Data in this exercise ->
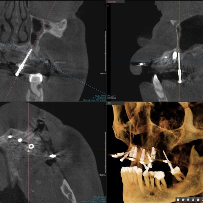Как же всё-таки у нас происходит это мероприятие? Так как мы вмешиваемся в другую область нашего тела, то стоматолог должен быть хоть немного лором. Разумеется, всё начинается с обследования, которое включает в себя трехмерный снимок, который, в идеале должен захватывать не только зубы и область наращивания, но и носовые ходы с устьями гайморовых пазух и прочими загогулинами, то есть, так называемый остиомеатальный комплекс.
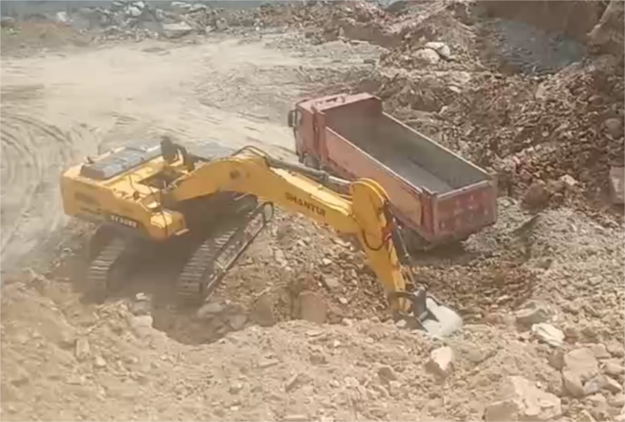 在施工現場,鐵礦石的開采與裝載工作正有序推進。面對礦區日均超20小時的高強度作業需求,項目方采購了5臺山推SE800LC礦用挖掘機,并加裝5方巖石鏟斗,以確保裝載效率。同時,為滿足品位不達標礦石的排巖作業,施工團隊配備了60噸級挖掘機,以保障整個施工流程的順暢推進。
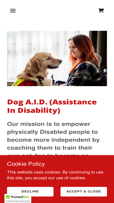 89%Dog A.I.D.is a charity which help train pet dogs to become fully qualified Assistance Dogs, to help their physically disabled owners complete every day tasks.
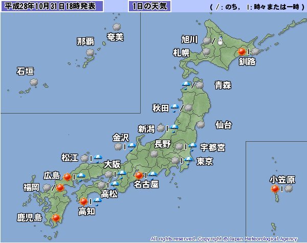 明日は雨マークがほとんどのところにw
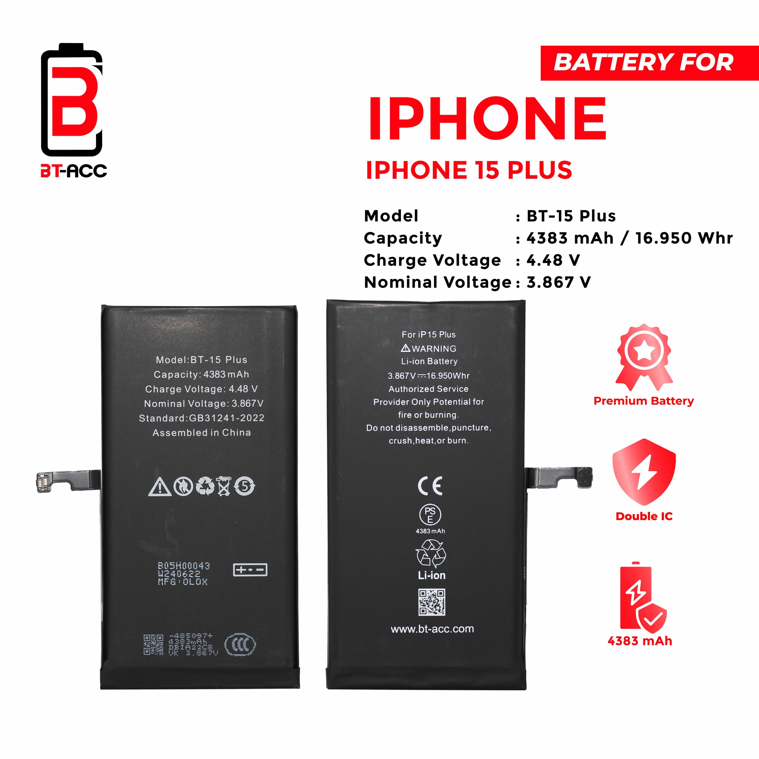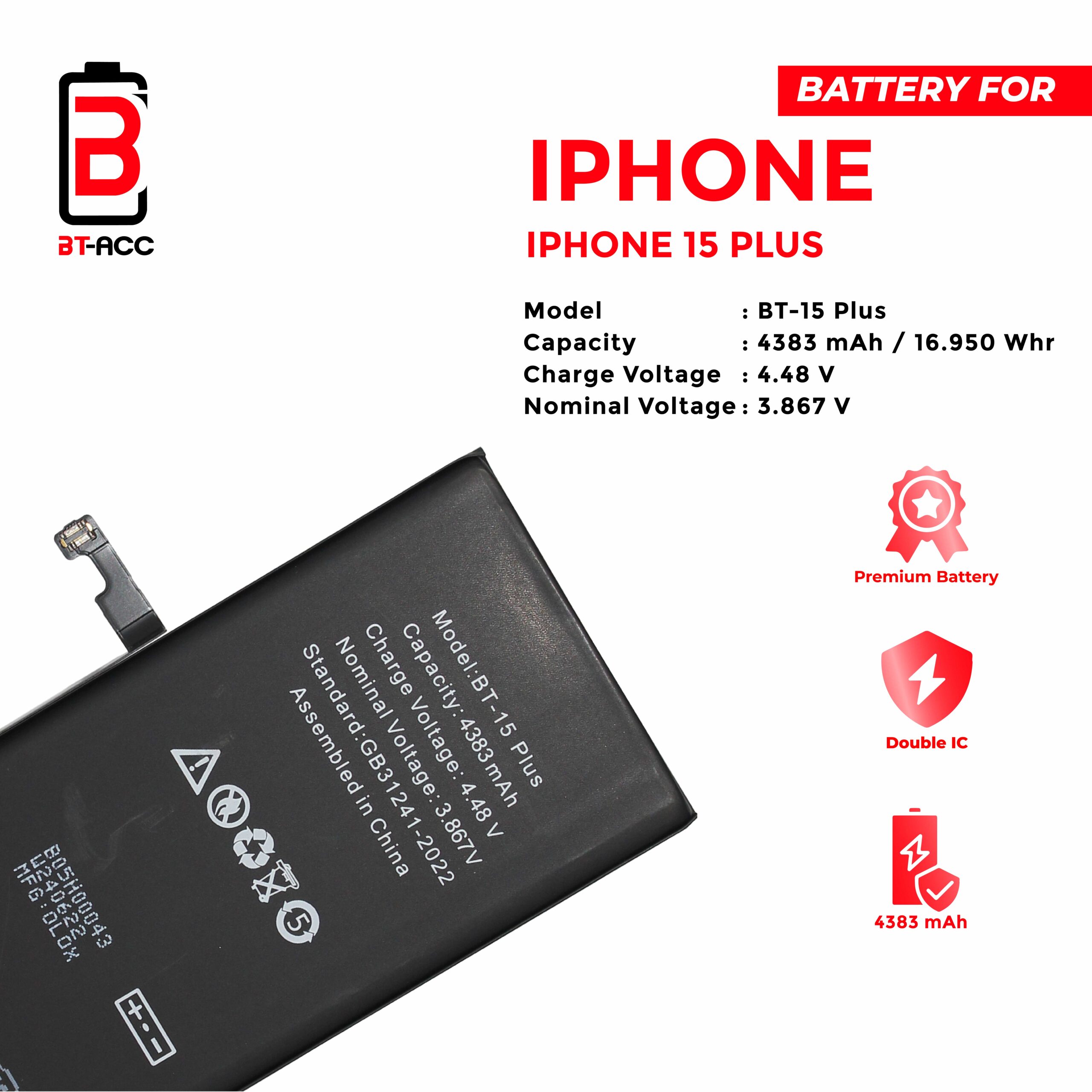 BT-ACC Baterai iPhone 15 Plus / A3039 (4383 mAh)
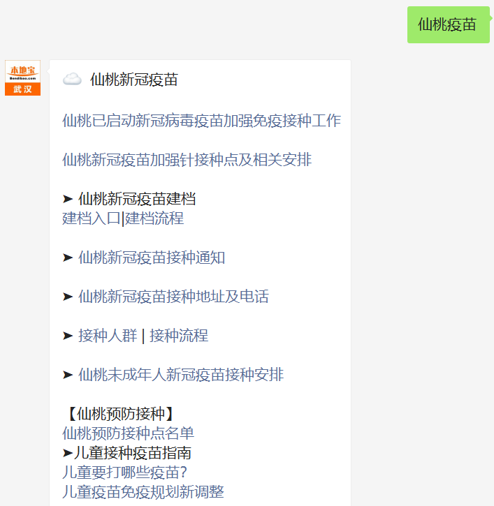 温馨提示:微信搜索公众号武汉本地宝,关注后在对话框回复【仙桃疫苗】可获仙桃新冠疫苗接种门诊地址电话、建档入口流程、最新消息。
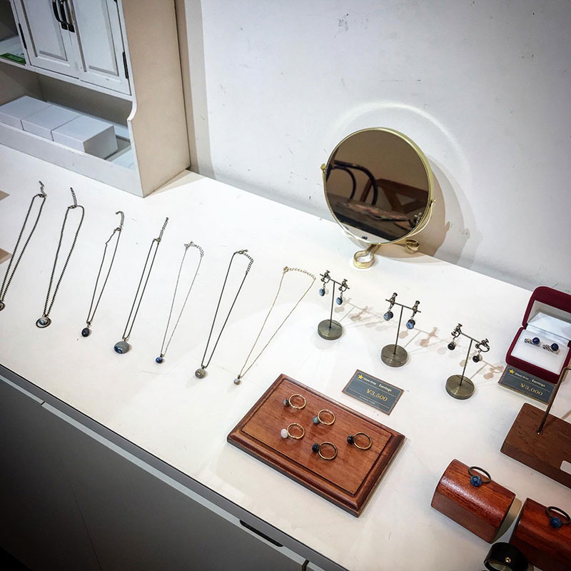 釉薬の溜まった水滴の様な形で奥様の作ったアクセサリーも素敵。
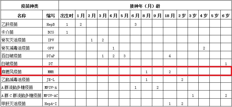 接种程序:2019年10月1日(含)后出生儿童,8月龄接种第1剂麻腮风疫苗,<12月龄完成,代替原先接种的麻疹风疹联合疫苗(简称麻风疫苗),18月龄接种第2剂麻腮风疫苗,<24月龄完成。

Problem requirements ->
Restate word for word the lines running from the one with "釉薬の溜まった水滴の様な形で奥様の作ったアクセサリーも素敵。" to the end of the entries; pictures are to be left out.

Problem solution ->
 釉薬の溜まった水滴の様な形で奥様の作ったアクセサリーも素敵。
 接种程序:2019年10月1日(含)后出生儿童,8月龄接种第1剂麻腮风疫苗,<12月龄完成,代替原先接种的麻疹风疹联合疫苗(简称麻风疫苗),18月龄接种第2剂麻腮风疫苗,<24月龄完成。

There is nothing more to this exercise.